Greatest Hits & More is the first compilation album by Greek-Swedish recording artist Helena Paparizou, released in Greece and Cyprus by Sony Music Greece/RCA on 23 May 2011, although it became available through some retailers as early as 20 May. The album is a three disc set containing 52 tracks since the start of her solo career (since 2003), spanning five studio albums: Protereotita (2004), Iparhi Logos (2006), The Game of Love (2006), Vrisko To Logo Na Zo (2008), and Giro Apo T' Oneiro (2010). Although marketed as a greatest hits album, it contains all of Paparizou's regularly released singles, including some of their English versions, rather than a selective collection of the best performing songs, as well as several promotional singles and album tracks that have never officially been released to radios. The first disc is mostly a collection of her regularly released solo singles; the second is split into three sections: "International" containing English-language songs, "B-Sides" containing mostly album tracks (none of which are b-sides), and "Covers"; the third is split into "New Songs" featuring "Baby It's Over" and "Love Me Crazy", "Bonus Tracks" with four remixes of the former and a Greek-language version of the latter entitled "Oti Niotho Den Allazei", and finally "Duets", showcasing her work as a featured artist.
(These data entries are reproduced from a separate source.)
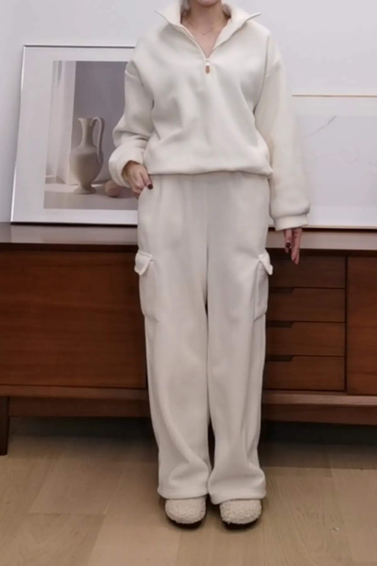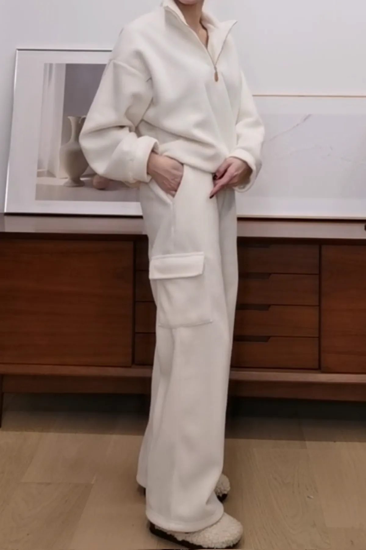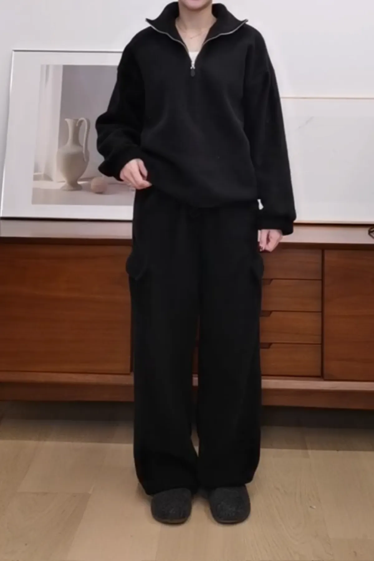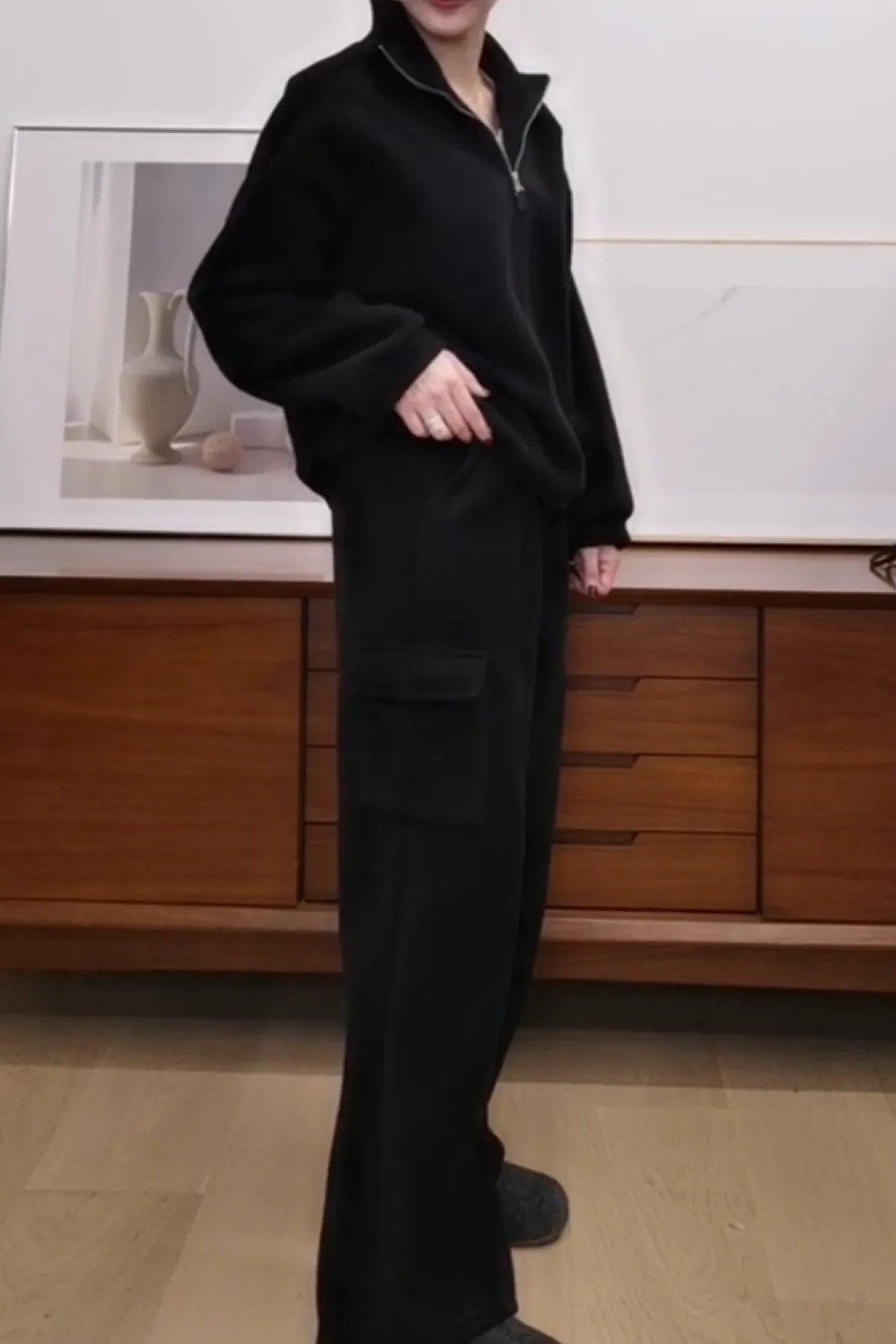 休閒鬆緊口袋寬褲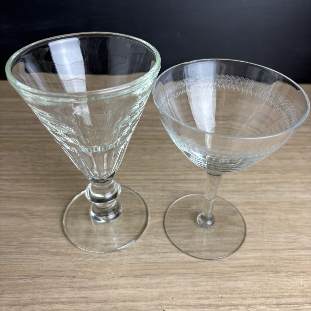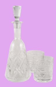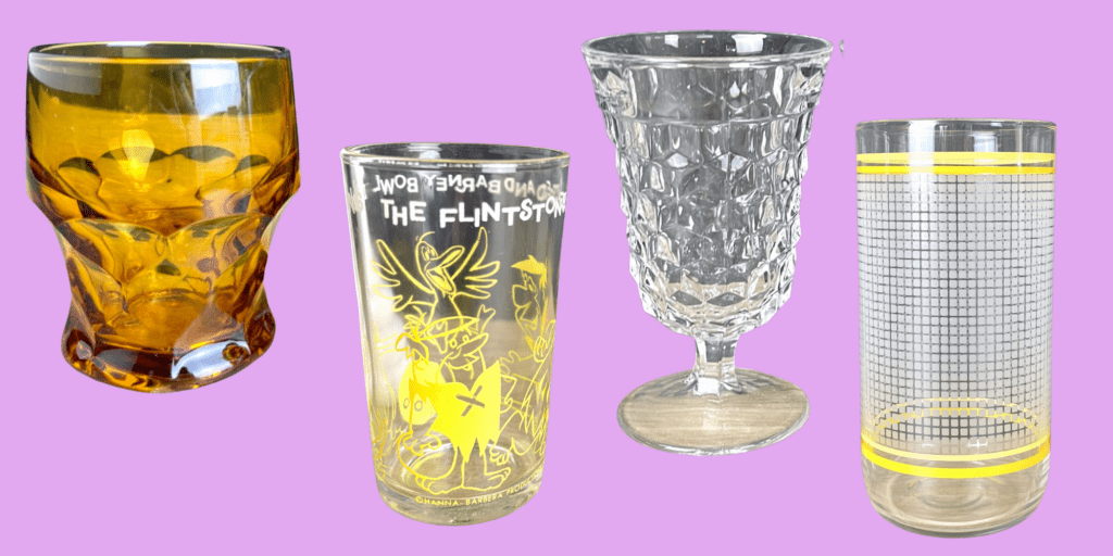 Glass defined is an amorphous, aka non-crystaline, clear solid made by fusing sand/silica and other chemicals depending on what type of glass you’re making. Not all glass contains silica, but the kinds of glass that vintage sellers and vintage lovers are going to come across does. The most common types of glass used for drinkware are: soda-lime, which is cheap to make and shatter resistant; borosilicate glass, which is resistant to fast temperature changes (Pyrex); crystal, which has minerals that make it brilliant, clear and thin; and tempered glass, which is heat treated making it stronger than regular glass.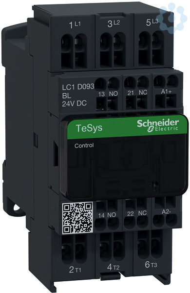 Leistungsschütz TeSys LC1D. 3 polig, 3 Schließer. Zusätzliche Hilfskontakte- 1 Schließer + 1 Öffner, Bemessungsbetriebsleistung bei AC-3, 400 V 4 kW, Bemessungsbetriebsstrom Ie bei AC-3, 400 V 9 A, Spule 24 V DC. Abmessung (BxHxT) 45x80x95 mm, Gewicht 0,48 kg. Kategorie AC-1, AC-3, AC-4. integrierte bidirektionale Amplitudenbegrenzerdiode. Schnelle und einfache Einrichtung. Sichere und langlebige Stromverbindung mit Everlink und Federklemmen. Geeignet für Sicherheitsanwendungen durch mechanisch gekoppelte Kontakte und Spiegelkontakte. Zertifizierungen nach UL, GOST, CSA, CCC, GL, BV, LROS (Lloyds register of shipping), DNV, RINA. Produktstandards gem.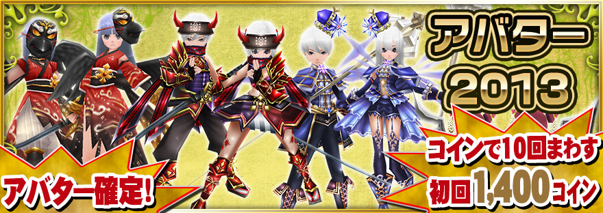 ・2018年、2017年、2016年、2015年、2014年、2013年のアバターが勢揃い!初回10連1,400コインの半額セール!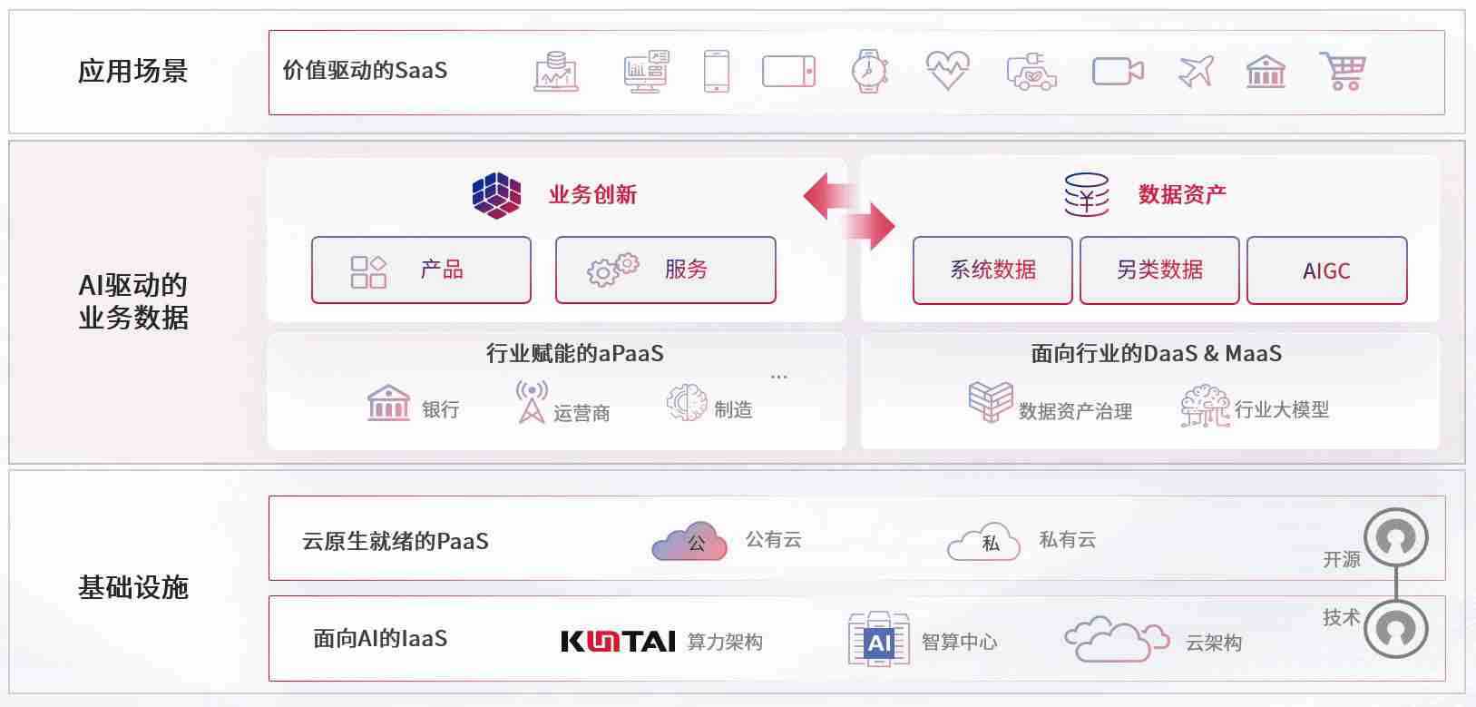 数字时代,,,,围绕企业数字化转型的关键要素,,,,z6人生就是博数码开创性的提出数云融合战略和技术体系框架,,着力在云原生、、、数字原生、、AI原生和信创产业上架构产品和服务能力,,为处在不同数字化转型阶段的快消零售、、、汽车、、金融、、医疗、、政企、、教育、、、、运营商等行业客户提供泛在的敏捷IT能力和融合的数据驱动能力,,构建跨界融合创新的数字业务场景和新业务模式,,,,助力企业级客户建立面向未来的核心能力和竞争优势,,,,全面推动社会的数字化、、智能化转型升级。。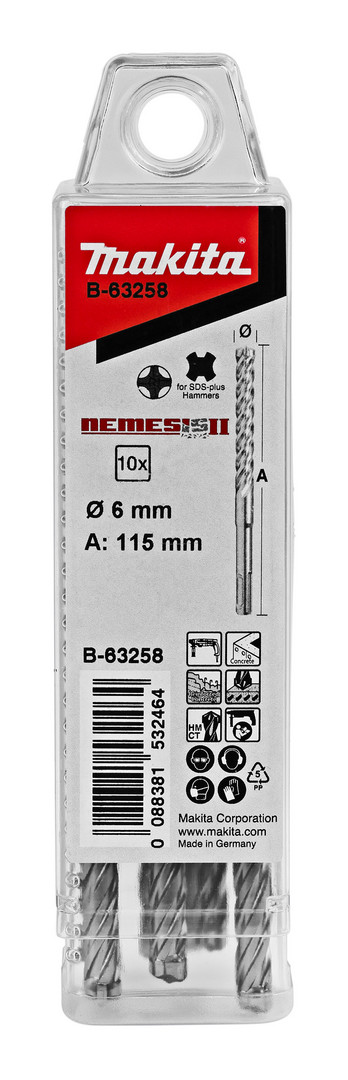 Vierschneidiger Bohrer NEMESIS II Ø 6,0 mm mit einer Gesamtlänge von 115 mm und SDS-PLUS-Aufnahme • 10 Stück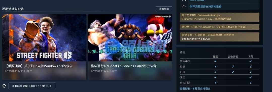 《街头霸王6》发售已经两年,PC Steam版仍然采用D加密系统,尚未移除。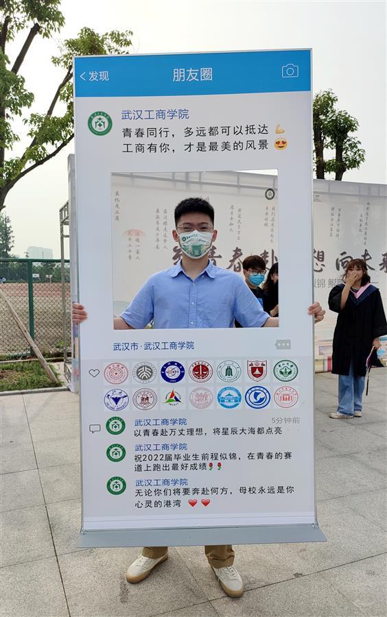 当天,毕业生们纷纷在校园里打卡合影,为大学四年留下美好回忆。“青春同行,多远都可以抵达;工商有你,才是最美的风景。”校园里的打卡框,别出心裁地设计成“朋友圈”及点赞、评论的样式,评论里还印有“以青春赴万丈理想,将星辰大海都点亮”“无论你们将要奔赴何方,母校永远是你心灵的港湾”等。励志话语和温馨祝福,吸引了不少毕业生留影。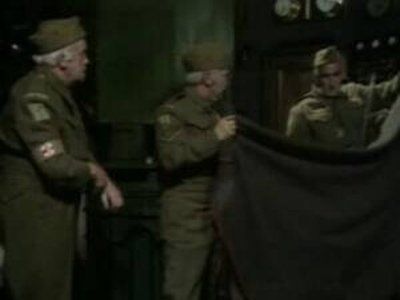E1The Big ParadeMainwaring watches a film reel at the cinema which shows Winston Churchill inspecting Army troops and their mascot - a ram, of course where Mainwaring's concerned. If another platoon has a mascot, so must his. Sponge volunteers one from his farm but they have to catch it first; something that of course ends in complete disaster with Pike up to his neck in it - literally. Meanwhile the town parade is being organised and of course Mainwaring wants the platoon to lead, but Hodges has other ideas... - Mum's Army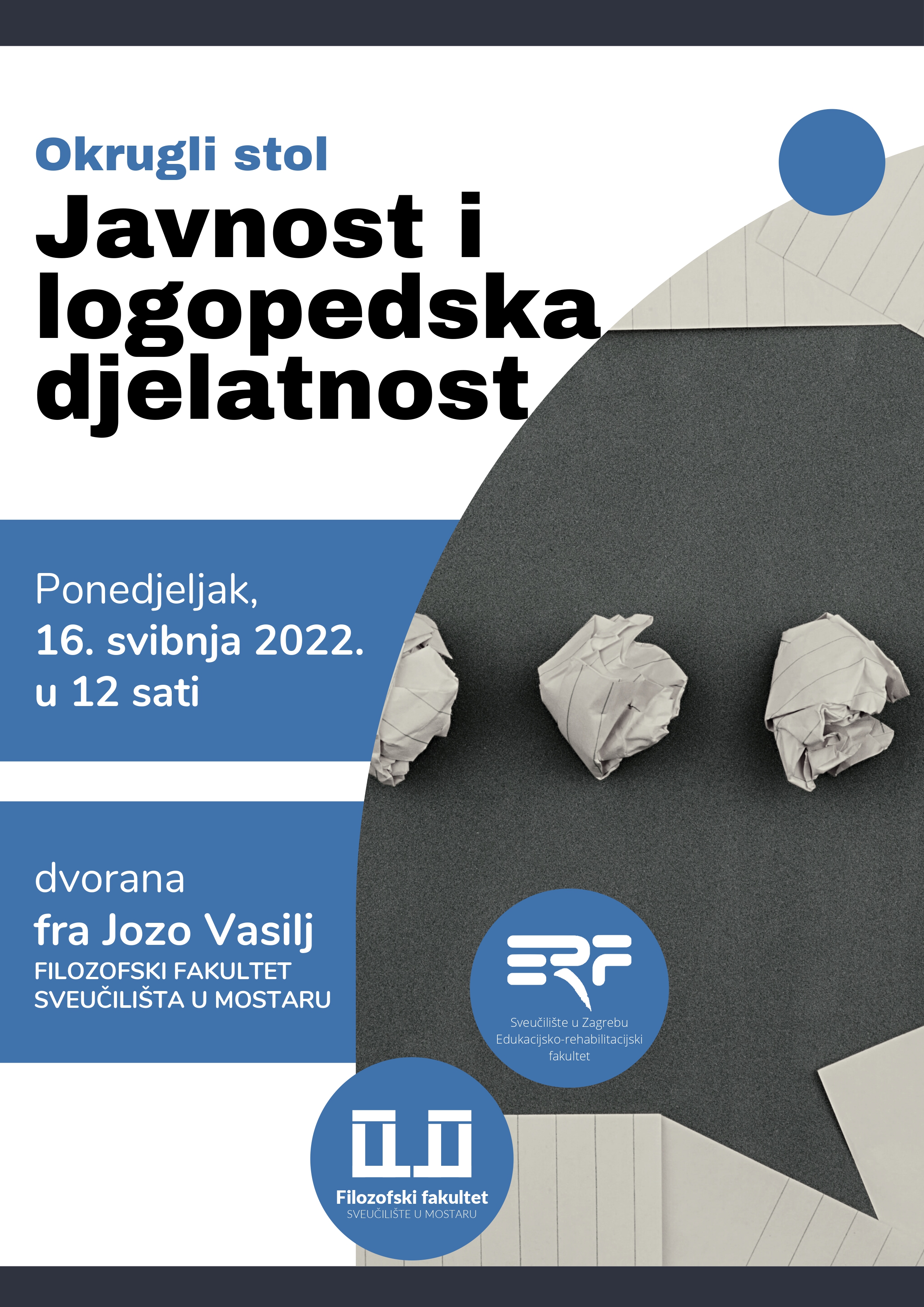 Na Filozofskom fakultetu Sveučilišta u Mostaru održat će se okrugli stol na temu Javnost i logopedska djelatnost 16. svibnja (ponedjeljak) u 12:00 sati u dvorani fra Jozo Vasilj. Okrugli stol se organizira u suradnji s Edukacijsko-rehabilitacijskim fakultetom Sveučilišta Zagreb.

The album debuted at number two on the Greek Albums Chart and has so far spent six weeks on the chart. The album's lead single, "Baby It's Over", debuted at number one on the Billboard Greek Digital Songs Chart and eventually topped the Greek Airplay Chart for nine weeks. The album's second single is "O,ti Niotho Den Allazei" ("Love Me Crazy"). Paparizou also promoted the album with performances at the first MADWalk and The X Factor.

Background
Greatest Hits & More is Paparizou's first compilation album release. It will be a triple album, containing her hit singles as well as two new English-language tracks "Baby It's Over", "Love Me Crazy", as well as a Greek-language version of the former entitled "O,ti Niotho Den Allazi" (What i feel doesn't change). There will also be a DVD containing a collection of her music videos as well as backstage videos and a photo gallery. The release date for the album was originally announced to be in late March but it was then delayed to late April. Teasers of the lyrics of the other two songs have also been released: "There's so many dreams unlighted swirling in the sky above absent minds. Open up to be enlightened there's a miracle for everyone to find" (from "Love Me Crazy").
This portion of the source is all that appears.